***** COLLECTED MATERIAL
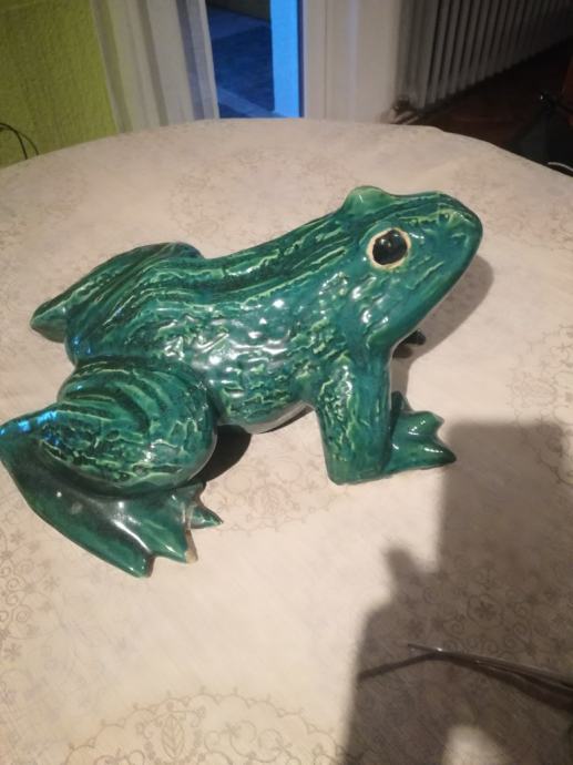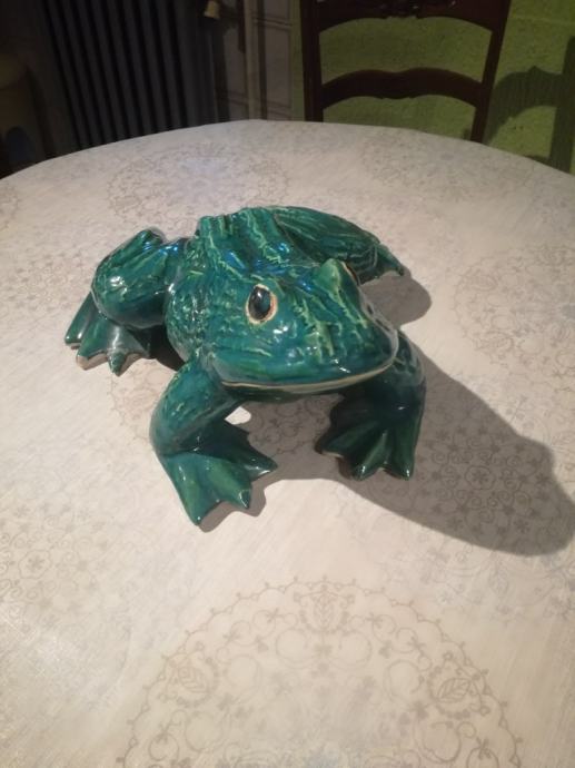 Velika žaba figura za neki.kutak vase kuce vrlo zanimljiva, velika je 40 cm, zadnji kraci su 34 cm, visina do brade 20 cm
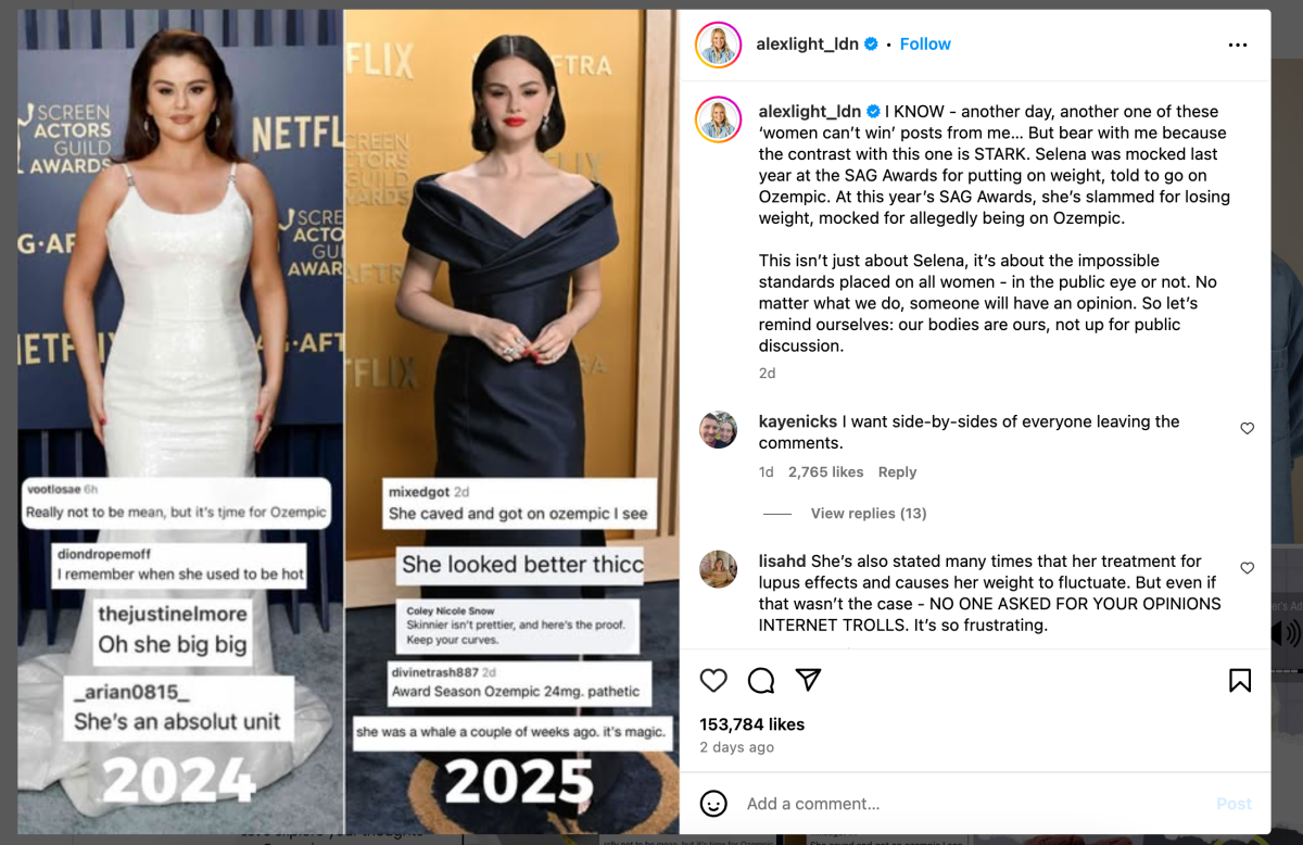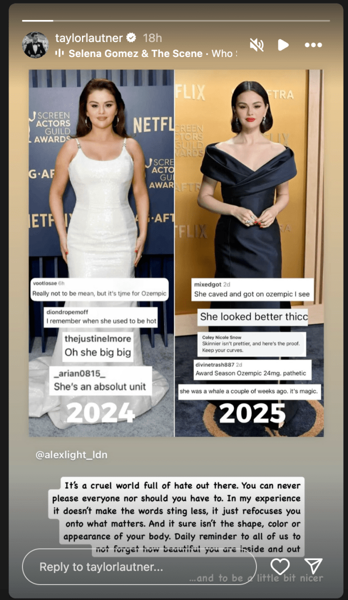 Shortly after the SAG Awards, influencer Alex Light and actor Taylor Lautner both spoke out to defend Gomez. Author and body confidence influencer Light shared an Instagram post comparing the comments Gomez received at the 2024 SAG Awards to those at the 2025 SAG Awards. Gomez looks absolutely stunning in both images. However, in 2024, she was fat-shamed by cruel internet trolls who were apparently triggered by the fact that her body wasn’t the same as it was when she was a child actor. In 2025, they were angered that Gomez appeared to have lost some weight, as they accused her of using Ozempic and complained that she looked better than before.
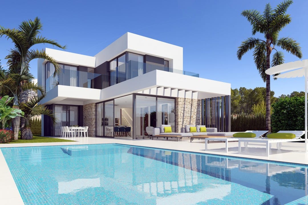 New modern detached villas in Sierra Cortina, Finestrat, that comprise an open plan lounge/kitchen with large glazed doors, 1 bedroom and 1 bathroom on the ground floor; on the top floor the property has 2 bedrooms with 2 en-suite bathrooms, walk in wardrobe in the master bedroom and a large terrace with great views of the sea and Benidorm’s skyline. The houses have a total area of 132 sqm and have the option of adding a basement. Built on plots of approx. 450 sqm with covered terraced areas, private swimming pool, off road parking space and landscaped garden.
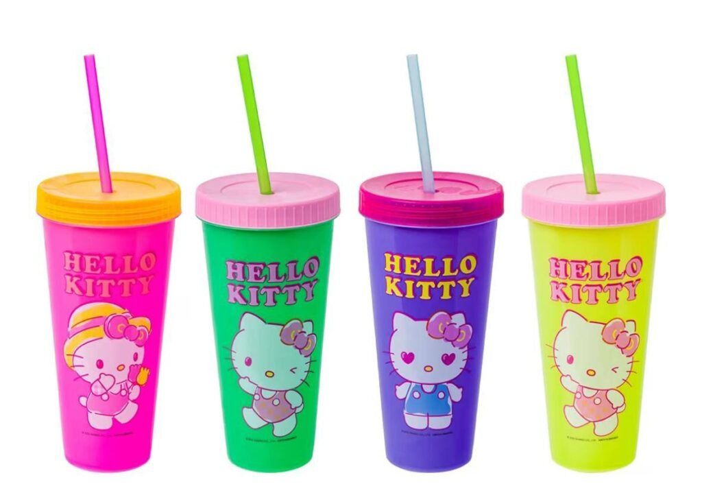 - Set of 4 Hello Kitty-themed color-changing plastic tumblers
**********
#### [WHAT YOU SHOULD DO]
The exact lines from the beginning of the data through the one that contains "Shortly after the" must be given again, both ends included, and pictures must be left out.

#### [RESPONSE AREA]
 Velika žaba figura za neki.kutak vase kuce vrlo zanimljiva, velika je 40 cm, zadnji kraci su 34 cm, visina do brade 20 cm
 Shortly after the SAG Awards, influencer Alex Light and actor Taylor Lautner both spoke out to defend Gomez. Author and body confidence influencer Light shared an Instagram post comparing the comments Gomez received at the 2024 SAG Awards to those at the 2025 SAG Awards. Gomez looks absolutely stunning in both images. However, in 2024, she was fat-shamed by cruel internet trolls who were apparently triggered by the fact that her body wasn’t the same as it was when she was a child actor. In 2025, they were angered that Gomez appeared to have lost some weight, as they accused her of using Ozempic and complained that she looked better than before.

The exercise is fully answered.